Since 2013 through the first half of 2021, over $222 billion has been invested in climate tech worldwide, per a new PwC report, as companies try to create tech that helps keep the planet below the 1.5 degrees Celsius recommended by the Paris Climate Agreement.
- Over $87.5 billion—or 39%—of that was invested between H2 2020 and H1 2021.
- That’s a 210% jump in funding from the prior 12-month period.
Climate-tech startups have proliferated in this eight-year window, with over 3,000 climate-tech startups in a variety of fields, like renewable energy or sustainable food.
PwC’s report identified over 6,000 unique investors since 2013. Most of the funding came from US investors, which dished out $56.6 billion between H2 2020 and H1 2021—nearly 65% of all climate tech funding for that period.
- European investors landed the no. 2 spot by spending $18.3 billion, while China came in third raising $9 billion.

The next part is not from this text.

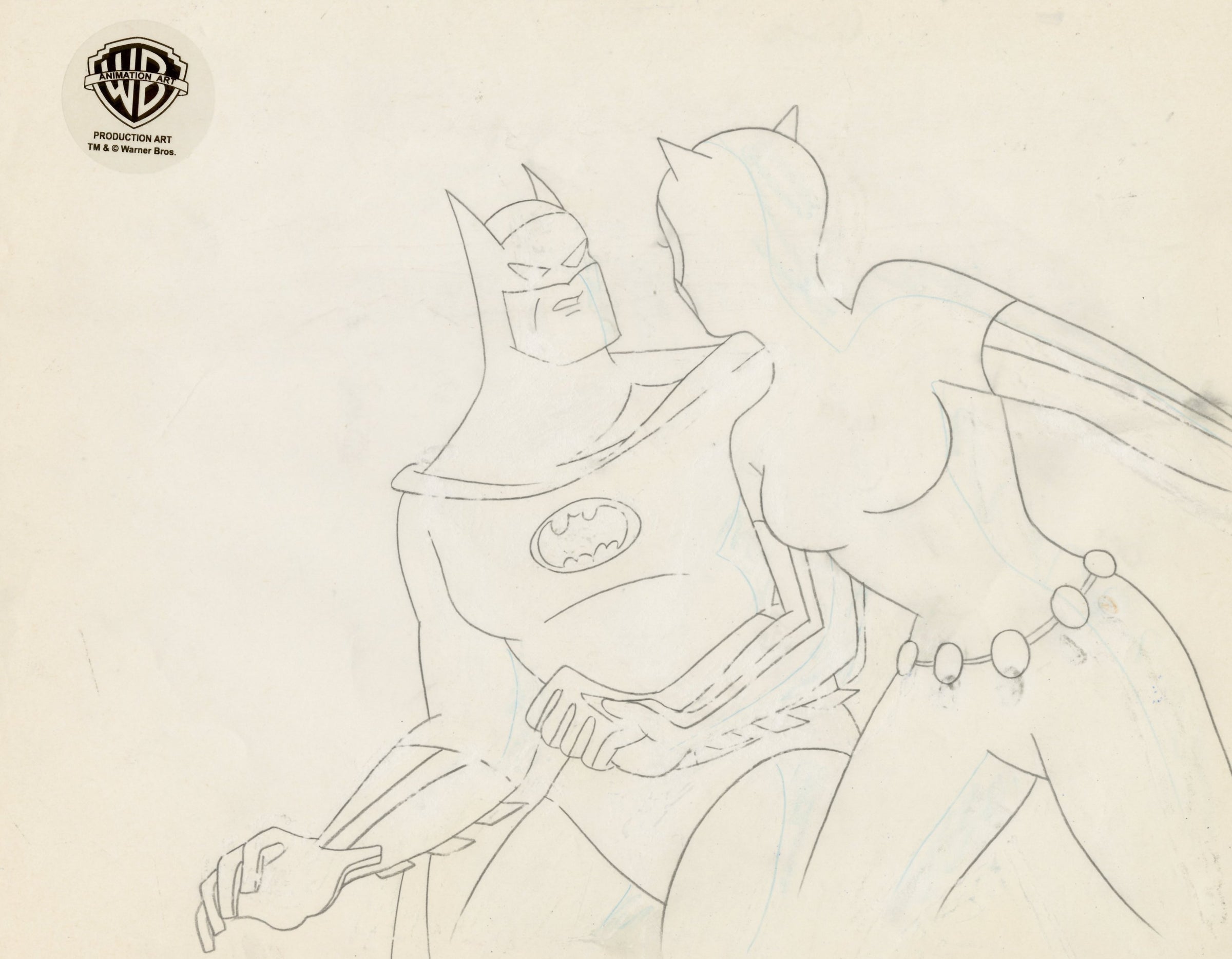Batman The Animated Series Original Production Cel with Matching Drawing: Batman, Catwoman

Unicorn check: The number of climate-tech unicorns grew to 78 in 2021, up from 43 last year. This year, mobility and transport unicorns totaled 43, while food agriculture and land-use startups numbered 13, industry, manufacturing and resource-use startups had 10 unicorns, and energy startups numbered nine.
To be fair…Venture funding has significantly broken records in basically every category all year, and there has been a proliferation of unicorn companies since the start of the year. But climate tech is capturing a significant share of that money: It accounted for 14 cents of every venture-capital dollar spent between H1 2020 and H1 2021.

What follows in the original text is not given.